# Burton Cartels breaking



## Teslatic (Dec 8, 2013)

I had a problem with the 2013 Cartels highback foam ripping off after 3 days on the mountain. Swapped them out for 2014s at my local shop and they've actually been fine. 

My understanding is that Burton's warranty is awesome. I would give them a call and they'll fix you up. Hopefully just a fluke- they sell so many of these things that I think if there was a widespread problem we'd be hearing more about it.


----------



## ekb18c (Mar 11, 2013)

Call burton and they should hook you up. Their customer service is pretty good.


----------



## scottb7 (Nov 19, 2012)

Burton warranty service is indeed awesome. Which why you likely will NOT hear about a widespread problem. I almost got a pair of cartels. I am fanboy for these:

THE REPUBLIC

Hinge disc is awesome and since the company is owned by Burton you get great binding and burton standing behind them.


----------



## tdn (Dec 30, 2010)

If the bindings were a season or more old.. then yeah, having great customers definitely shines, but having new gear break on you while on the mountain can definitely leave a bad opinion.
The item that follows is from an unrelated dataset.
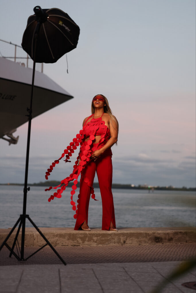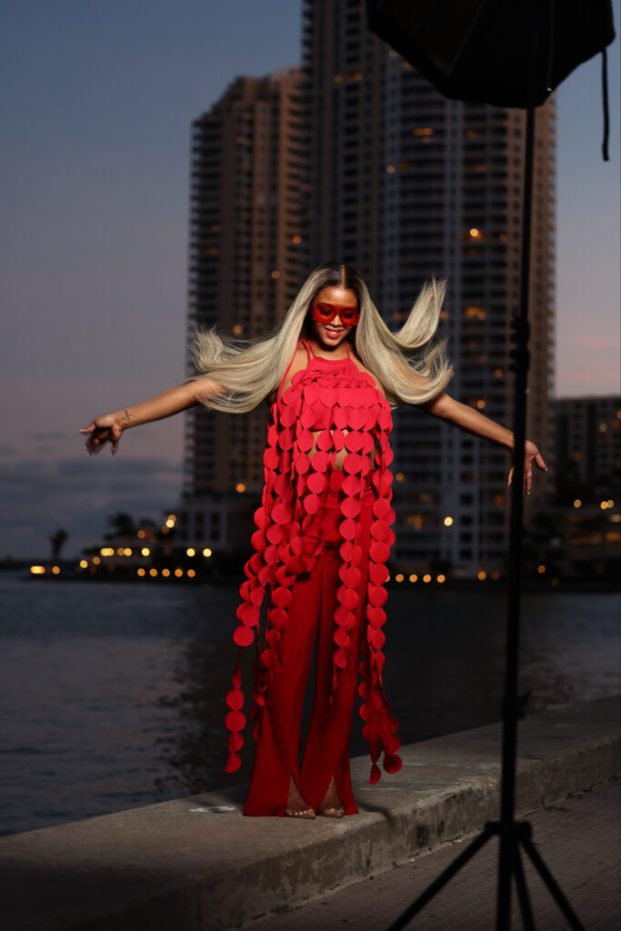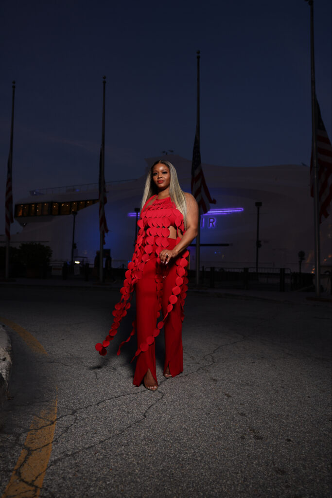 When in doubt, wearing the same color from head to toe has never steered me wrong. I felt bold in a red Shop Akira top and Norma Kamali pants, topped off by a wig from Becky with the Good Hair, and Gucci shades.

I had a similar problem with Rome, my 390's kept breaking left and right, I had to go through their customer service 3 or 4 times for new parts for practically new bindings. I'm glad they "took care of me", but unless they were to really go out of their way (ie. Replacing the entire binding, considering I keep having issues with a new set) then chances are, I won't be buying a Rome product for a while.
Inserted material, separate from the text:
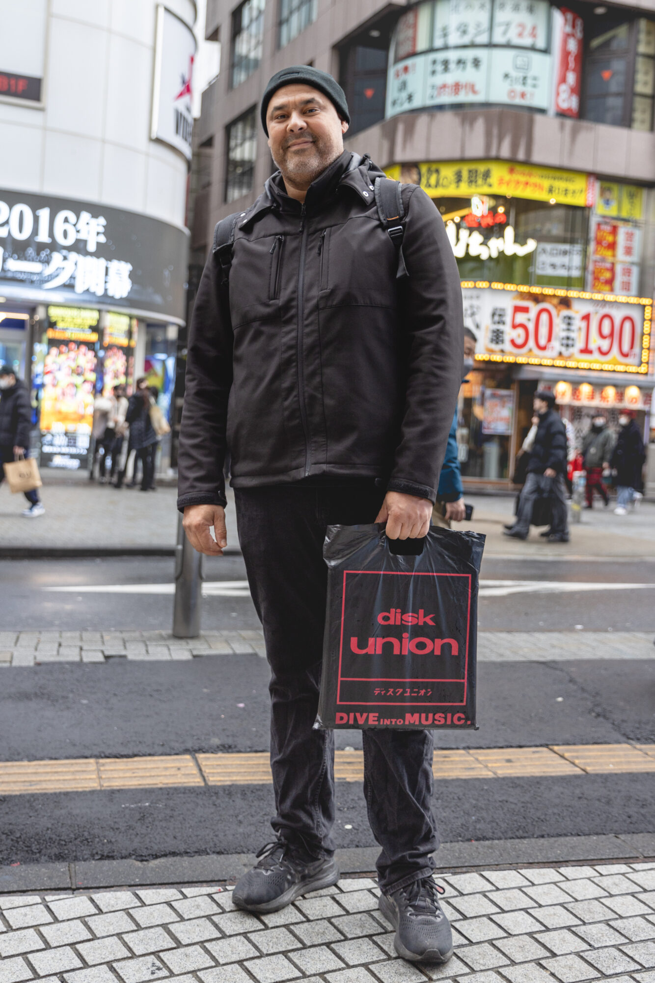 I met Marlon from Sydney on the back streets of Shibuya in the Udagawa district along with a pal he had just made, Miguel from Spain (who will be featured in the next post.) Talk about friendly, it was easy to recognize that Marlon’s charisma was as big as his heart. He was keen to be photographed for Tokyo Record Style, and chat me up about the records he scored, a rather sizable lot that ran the gamut of genres but mostly 12” that would get your booty shaking on the dance floor.

OP, this is your second problem in short time. Let them know you aren't too happy about it. I'd ask them about replacing the entire set for the same thing, if not this time around, at least if another issue pops up in short time. Either way, good luck.


----------



## Dutty (Dec 16, 2013)

I called Burton and they are sending me a new highback. Sadly, they said it would take 5 business days to ship, which means they aren't expediting the shipping. Pretty lame considering this is the second time they've broken and I had to pay to fix them the first time.
I have a feeling these will go back to Backcountry next time I have a stretch where I can't get on the mountain for a few days or if they break again. I just hope Burton has to foot the bill on that and not Backcountry.


----------



## NZRide (Oct 2, 2013)

Heaps of people on here rave about great Burton customer service, but I've read several where it has been crap. They should have something in place to get you up and running faster than 5 days.
I just brought some new Rome 390 Boss's, after a good run with old 390's. Hopefully they turn out to be good in the binding lottery.


----------



## kwillo (Jan 11, 2013)

Dutty said:


> Has anybody had any problems with 2014 cartels? I bought a pair, and they are pretty decent bindings functionally, but they have broken twice in the ~10 days I have used them. First time the plastic piece on the ratchet broke, and I just picked up a new one in the mountain rental shop. Seemed like a cheap part, but no biggie, easy to replace.
> Then yesterday, my highback lean adjuster broke through the highback. It ripped totally through the foam and came out. The construction just doesn't seem very sturdy.
> Anybody else had similar problems? Not sure if I should call Burton for new parts or just send the things back to Backcountry and get some 390 Bosses instead. I really don't want to wait 2 weeks with Backcountry for the return.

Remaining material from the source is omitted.